If you are one of those people loving the sight of flames and the smell of gunpowder, the Valencian famous festival known as ´Las Fallas´ is the event for you. This unique celebration is characterised for being smoky, loud, crazy and rowdy while the city is literally set ablaze.

This Valencia well known event began as a feast day to commemorate St Joseph, the patron of Valencia and the saint of carpenters. The Valencia Fallas have developed into a five day multifaceted festival also celebrating ´fire´ with a population swelling to three million of flame loving people. In Valenciá (the co-official language of the region of Valencia), Las Fallas mean ´the fires´.

Las Fallas´ centre of attraction are the creation and destruction of the ninots, which are statues made of huge cardboard, wood and plaster located over 350 places like parks and key intersections all over Valencia city. The lifelike ninots frequently and satirically portray current events and bawdy scenes (Spanish celebrities and lampooning corrupt politicians are especially liked). Crafted by neighbourhood organizations, they are quite expensive and take about six months to build. Many ninots are quite a few stories tall with cranes needed to move them into position.


Valencia Fallas          Las Fallas – Valencia

The ninots remain in place until St Joseph´s Day, 19th March, when they are burned during “La Cremá.” Young men with axes chop holes into the ninots and put fireworks inside them in the early evening. While the street lights are turned off the spectators chant; then at exactly the stroke of midnight all the ninots are set on fire. The local firemen have devised over the years unique ways to protect Valencia´s buildings from burning alongside the ninots: for instance, by covering storefronts neatly with fireproof tarps.
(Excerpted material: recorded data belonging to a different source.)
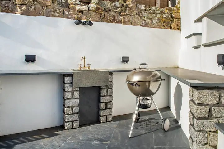 Bifold doors open onto a serene slate terrace overlooking a lush lawn, providing the perfect setting for outdoor relaxation and al fresco dining. The BBQ area, designed in an outdoor kitchen fashion with slate worktops, invites you to indulge in delicious grilled delights amidst the beauty of nature.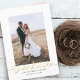 Elegant and simple wedding thank you template folded card featuring a hand lettered typography script text with a heart between the words. Add your favorite photo full bleed in the front and another photo inside with default message that is editable.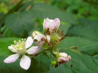 今年のピカイチはブラックベリー。しょぼいですが花が咲いてきましたよー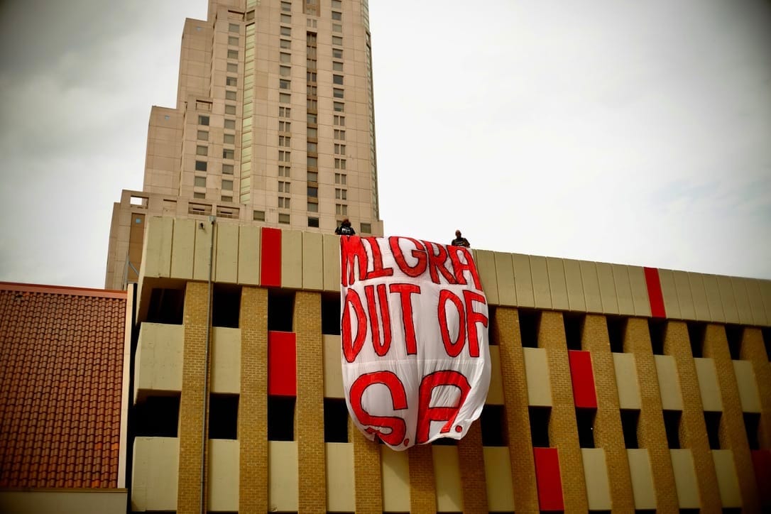 As local residents gathered below began to chant, a massive banner unfurled from atop of the Grand Hyatt SA parking garage in downtown San Antonio. Cheers went up. Towering red letters read: “Migra Out of SA.”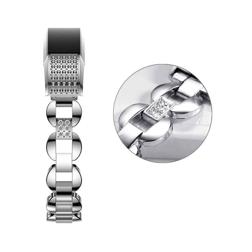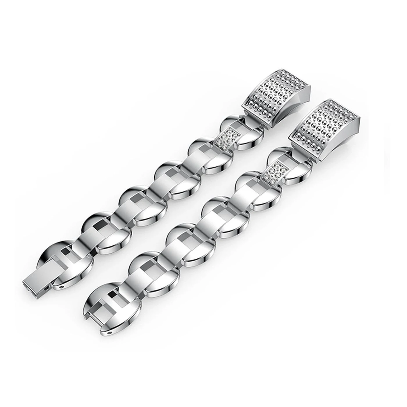 Comprar Bandas de repuesto para Fitbit Alta/Fitbit Alta HR para mujer, banda con purpurina de diamantes de imitación, pulsera de Metal, muñequeras (Plateadas)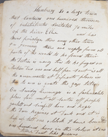 Hamburg Is a large town That Contains one hundred thousen [thousand] of inhabitentes [inhabitants] suitated [situated] 70 miles Up the River Elbe and has more privleges [privileges] then [than]aney [any]other town In Jermaney [Germany] thare [there] are vesles [vessels] from all partes of the world to be found their [there] the Duties is very low to be payed on Mertien dise [merchandise] one and half per sent [per cent]is all the amusementes [amusements] at difrents [different] plases [places] in this town is grate [great] the gas lites [lights] On Sundey [Sunday] Evninges [evenings] is a fashneable [fashionable] plais [place] for most all sortes [sorts] off [of] people gentell [gentle] and simpill [simple] hors [whores] and roges [rogues] the Dans [dance] begines [begins] at Dark and it is kep [kept] up till one o clock I have Counted one hundred hors [whores] in the saloon at one time Drest [dressed] like queans [queens]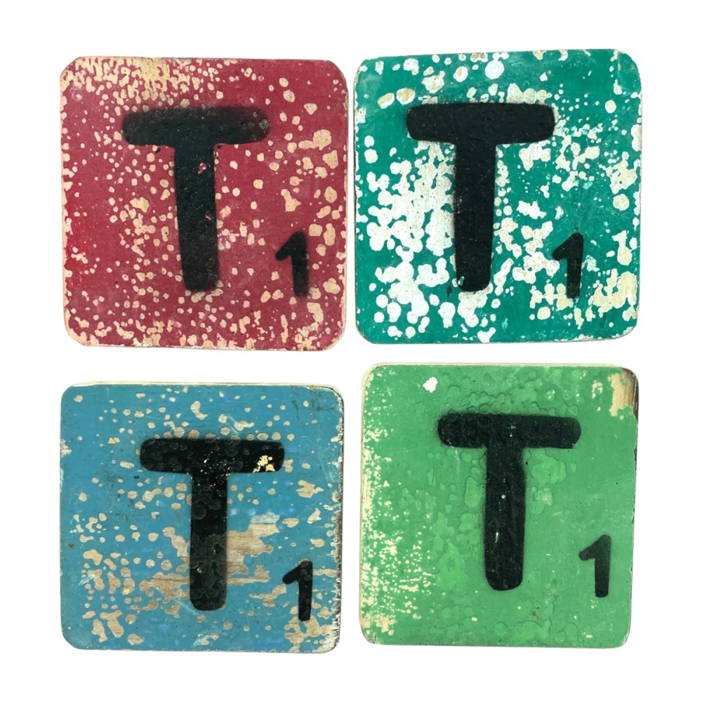 Handgemaakte houten scrabble letter T in verschillende kleuren.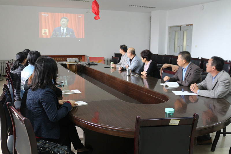 从八点五十分开始,与会人员早早来到学院会议室,做好收看的准备,大家认真看,仔细听习近平代表第十八届中央委员会向大会作了题为《决胜全面建成小康社会夺取新时代中国特色社会主义伟大胜利》的报告。收听收看过程中,大家还及时进行简要的讨论。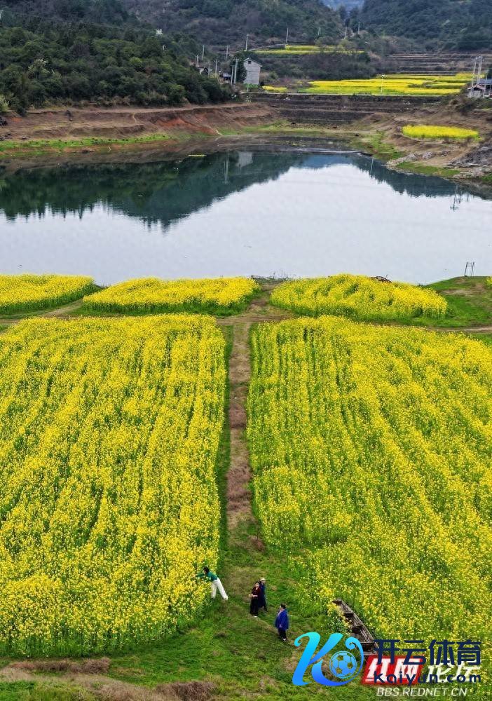 在水库退水后的滩涂上,当地农民以农田为纸,以耕格调气为笔,将油菜花的金黄与新叶的翠绿化作神采。通顺的线条如挥洒自如,斑斓的色块在地面上鼎力流淌。这幅在地面上鼎力流淌的山水画卷,让齐市东说念主的灵魂在此容身,更让我丹心惊奇:最高等的艺术家,底本一直齐在这深山境界之间。
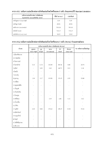 ตาราง 43.1 ระดับความอ่อนไหวต่อการเกิดดินถล่มจังหวัดศรีสะเกษ 5 ระดับ จำแนกตามวิธี Standard deviation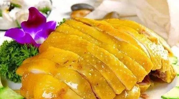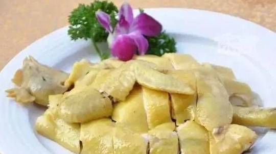 白切雞又名白斬雞,顏色潔白帶油黃,具有蔥油香味,用白水煮熟後蘸醬吃。雞肉的原味跟醬料結合在一起,非常爽口。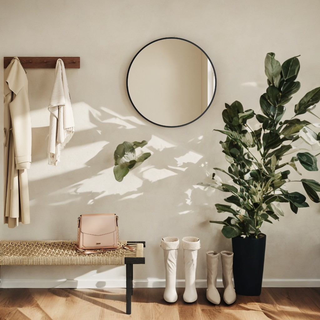 20" Round Bathroom Mirror, Black Circle Wall Mirror with Metal Frame, for Bathroom Over Sink, Bedroom, Living Room, Entryway, Ink Black

Also one of the ninots is spared from burning into flames each year by the crowds´ vote and will be exhibited in the local ninot museum along other years´ favourites.

Janet Morton, a pyromaniac and traveller mentions that Las Fallas are very difficult to be described as they are intensely cathartic. She also says that they are like a mix between the Fourth of July, a bawdy Disneyland and an apocalyptic end of the world.

The Valencia Fallas festival origins are somewhat obscure, though they are thought to be the evolution of pagan ceremonies of the celebration held on the planting season and spring onset. Also in the 1500s the city of Valencia only used street lights during the long winter nights, street lamps that were hung on wooden structures or ´parots´. When the days were longer, since the parots were not needed, they were customarily burned on St Joseph´s Day. Even now Las Fallas have kept their working-class satirical roots, while the upper classes and the faint-of-heart often leave the city when it is the actual time for this celebration.

Apart from burning the ninots, there are also other activities during the Valencia Fallas festivities; there are a wide range of beauty pageants, paella contests, parades and bullfights daily all throughout the city. Besides, during the days leading up to "la cremá", improvised displays of fireworks happen.

Finally another highlight of Las Fallas in Valencia are the 2 pm daily "mascletá" held in the Town Hall square, where the ground literally shakes for the 10 minutes following the ignition of a huge pile of firecrackers.